DATA EXTRACTS:
•••
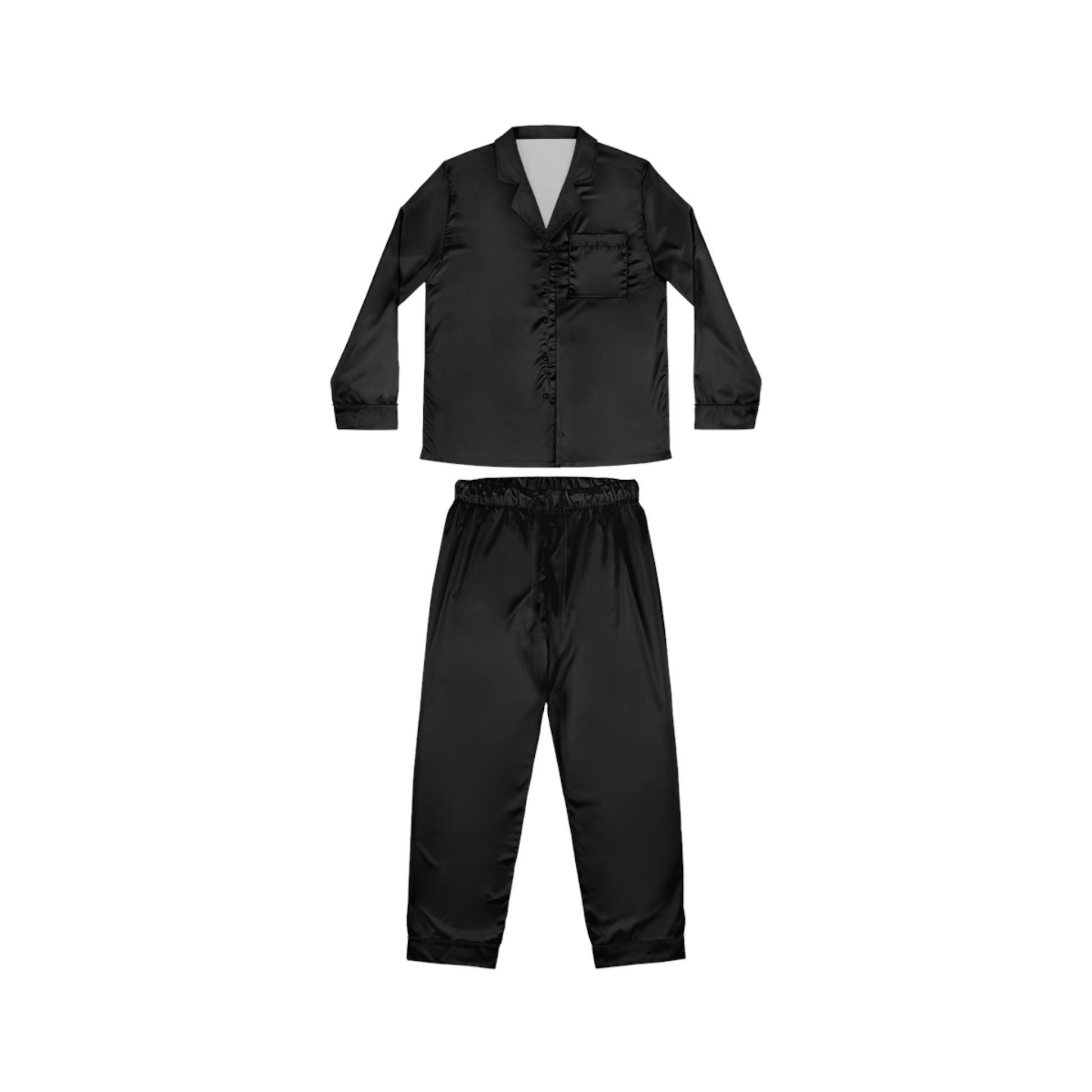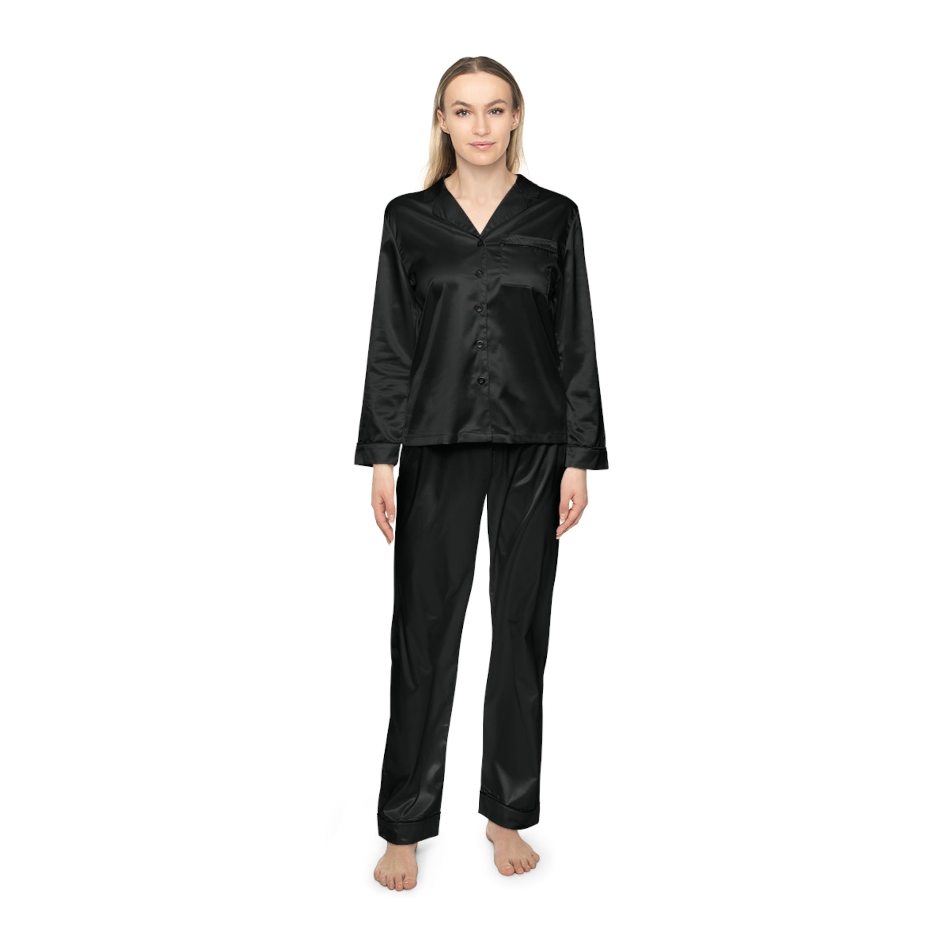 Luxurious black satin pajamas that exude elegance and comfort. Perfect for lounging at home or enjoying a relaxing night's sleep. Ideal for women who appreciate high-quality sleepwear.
•••
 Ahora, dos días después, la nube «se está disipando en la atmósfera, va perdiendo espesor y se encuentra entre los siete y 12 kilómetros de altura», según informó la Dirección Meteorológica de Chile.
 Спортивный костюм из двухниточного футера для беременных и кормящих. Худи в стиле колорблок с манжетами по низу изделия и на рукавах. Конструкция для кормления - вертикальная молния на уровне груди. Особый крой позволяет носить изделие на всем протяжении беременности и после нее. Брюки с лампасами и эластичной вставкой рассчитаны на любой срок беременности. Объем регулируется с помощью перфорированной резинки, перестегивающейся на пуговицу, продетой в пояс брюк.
•••
PROBLEM DETAILS: Repeat word for word the lines above that run from the line containing "Ahora, dos días" through the line containing "Спортивный костюм из", both ends included, and nothing else.

ANSWER AREA:
 Ahora, dos días después, la nube «se está disipando en la atmósfera, va perdiendo espesor y se encuentra entre los siete y 12 kilómetros de altura», según informó la Dirección Meteorológica de Chile.
 Спортивный костюм из двухниточного футера для беременных и кормящих. Худи в стиле колорблок с манжетами по низу изделия и на рукавах. Конструкция для кормления - вертикальная молния на уровне груди. Особый крой позволяет носить изделие на всем протяжении беременности и после нее. Брюки с лампасами и эластичной вставкой рассчитаны на любой срок беременности. Объем регулируется с помощью перфорированной резинки, перестегивающейся на пуговицу, продетой в пояс брюк.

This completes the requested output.